Eisenbahn-Sicherheitsverordnung

Historische Fassung: Stand 10.12.2019 bis 01.07.2020. Dies ist nicht die aktuelle Fassung.

Eisenbahnen, die einer Sicherheitsbescheinigung oder Sicherheitsgenehmigung bedürfen, sind verpflichtet, der Sicherheitsbehörde zum 30. Juni jeden Jahres einen schriftlichen Sicherheitsbericht nach Maßgabe des Satzes 2 vorzulegen, der sich auf das vorangegangene Kalenderjahr bezieht.
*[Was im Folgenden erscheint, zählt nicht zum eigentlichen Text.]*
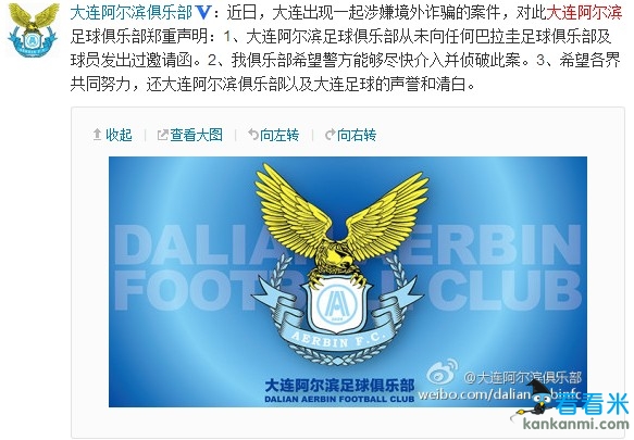 阿尔滨官方声明与诈骗案无关 望早日破案还中国足球清白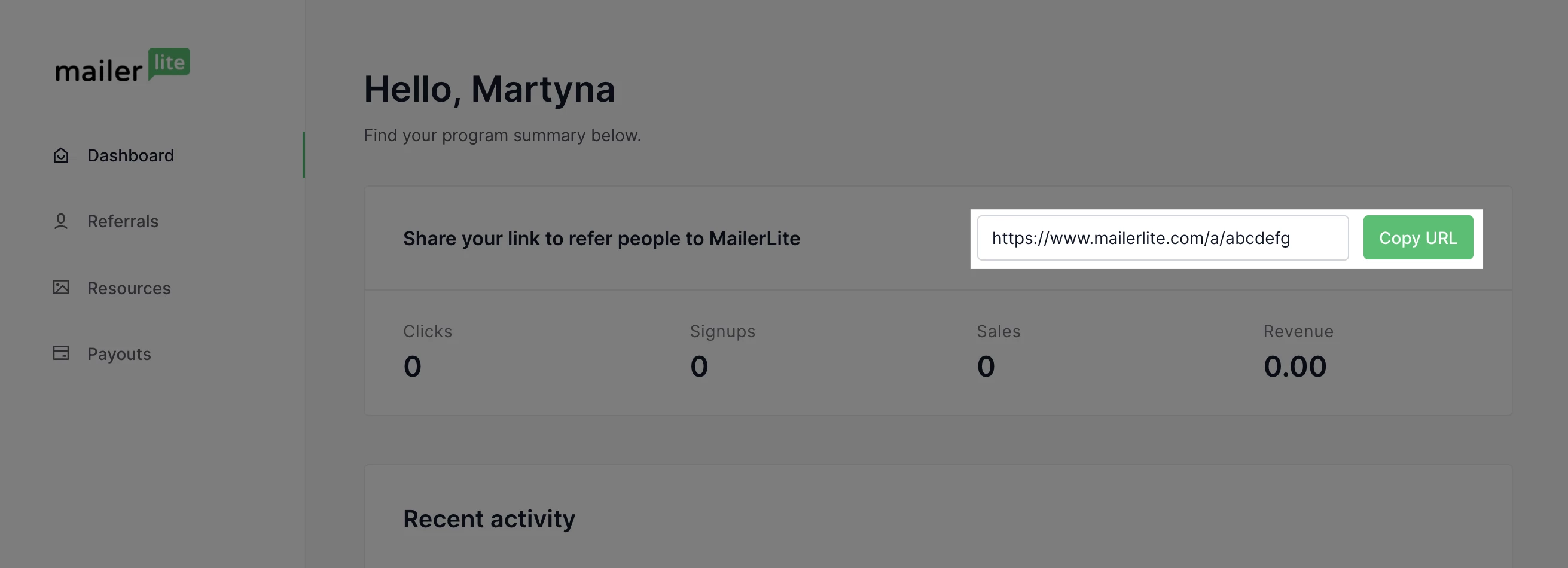 If your default affiliate link is: https://www.mailerlite.com/a/abcdefg

Dieser Sicherheitsbericht muss enthalten:

1.
Angaben darüber, wie bezogen auf das betreffende Unternehmen die Ziele zur Erhaltung und Verbesserung der Sicherheit im Sinne der Nummer 2 Buchstabe b des Anhangs III der Richtlinie 2004/49/EG des Europäischen Parlaments und des Rates vom 29. April 2004 über Eisenbahnsicherheit in der Gemeinschaft und zur Änderung der Richtlinie 95/18/EG des Rates über die Erteilung von Genehmigungen an Eisenbahnunternehmen und der Richtlinie 2001/14/EG über die Zuweisung von Fahrwegkapazität der Eisenbahn, die Erhebung von Entgelten für die Nutzung von Eisenbahninfrastruktur und die Sicherheitsbescheinigung („Richtlinie über die Eisenbahnsicherheit“) (ABl. L 164 vom 30.4.2004, S. 44; L 220 vom 21.6.2004, S. 16; L 103 vom 22.4.2015, S. 11), die zuletzt durch die Richtlinie 2014/88/EU (ABl. L 201 vom 10.7.2014, S. 9) geändert worden ist, erreicht und die dort genannten Pläne für die Erreichung dieser Ziele umgesetzt worden sind;
2.
die Entwicklung der in Anhang I der Richtlinie 2004/49/EG festgelegten gemeinsamen Sicherheitsindikatoren bezogen auf das betreffende Unternehmen;
3.
die Ergebnisse interner Sicherheitsprüfungen;
4.
Angaben über Mängel und Störungen im Eisenbahnbetrieb, bei denen die Betriebssicherheit gefährdet war, und die infolgedessen ergriffenen Maßnahmen.